By analyzing existing cross correlation between Cogent Communications Holdings and PT Jasa Marga, you can compare the effects of market volatilities on Cogent Communications and PT Jasa and check how they will diversify away market risk if combined in the same portfolio for a given time horizon. You can also utilize pair trading strategies of matching a long position in Cogent Communications with a short position of PT Jasa. Check out your portfolio center. Please also check ongoing floating volatility patterns of Cogent Communications and PT Jasa.

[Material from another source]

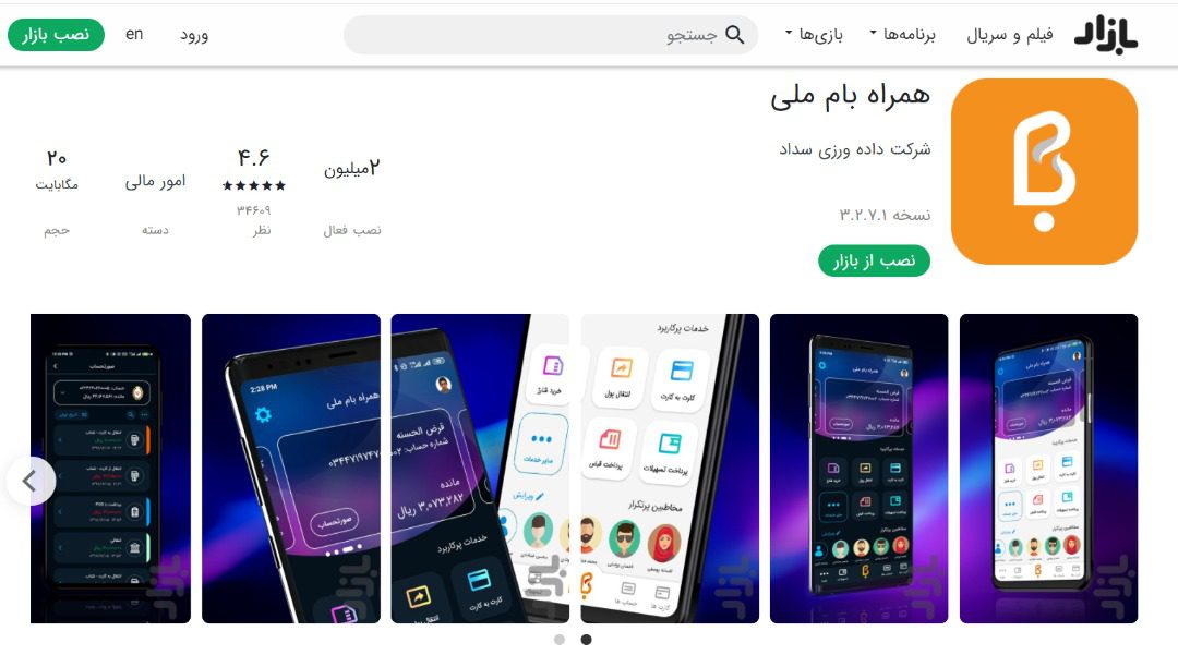 همراه بام بانک ملی امتیازآورترین اپلیکیشن بانکی کافه بازار شد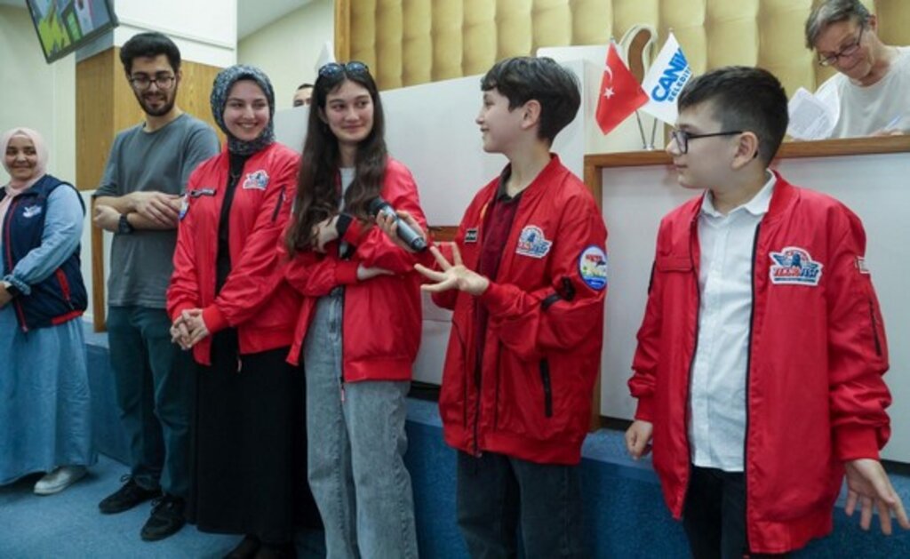 SAMSUN - Canik Belediye Başkanı İbrahim Sandıkçı, TEKNOFEST KKTC Sosyal İnovasyon Yarışması Ortaokul Kategorisi’nde En İyi Sunum Ödülü'nün sahibi olan Canik Özdemir Bayraktar Keşif Kampüsü öğrencileri Erva Dikbıyık, Akif Hamza Şentürk ve Yusuf Ali Semiz'i Canik Belediye Meclisi'nde ağırladı. Canik Belediye Meclisi Mayıs Ayı Kapanış Toplantısı'nın ardından öğrencilere hediye takdiminde bulunan Başkan İbrahim Sandıkçı, öğrencileri başarılarından dolayı tebrik etti. Canik Özdemir Bayraktar Keşif Kampüsü'nde bilim, teknoloji, yapay zekâ ve siber güvenlik alanlarında öğrencilerin yeteneklerini keşfettiği örnek bir eğitim sistemi uyguladıklarını ifade eden Başkan İbrahim Sandıkçı, "Canik'te Milli Teknoloji Hamlesi idealiyle geleceğe koşan nesilleri yetiştiriyoruz" dedi.

Diversification Opportunities for Cogent Communications and PT Jasa

0.15
  Correlation Coefficient

Average diversification

The 3 months correlation between Cogent and 0JM is 0.15. Overlapping area represents the amount of risk that can be diversified away by holding Cogent Communications Holdings and PT Jasa Marga in the same portfolio, assuming nothing else is changed. The correlation between historical prices or returns on PT Jasa Marga and Cogent Communications is a relative statistical measure of the degree to which these equity instruments tend to move together. The correlation coefficient measures the extent to which returns on Cogent Communications Holdings are associated (or correlated) with PT Jasa. Values of the correlation coefficient range from -1 to +1, where. The correlation of zero (0) is possible when the price movement of PT Jasa Marga has no effect on the direction of Cogent Communications i.e., Cogent Communications and PT Jasa go up and down completely randomly.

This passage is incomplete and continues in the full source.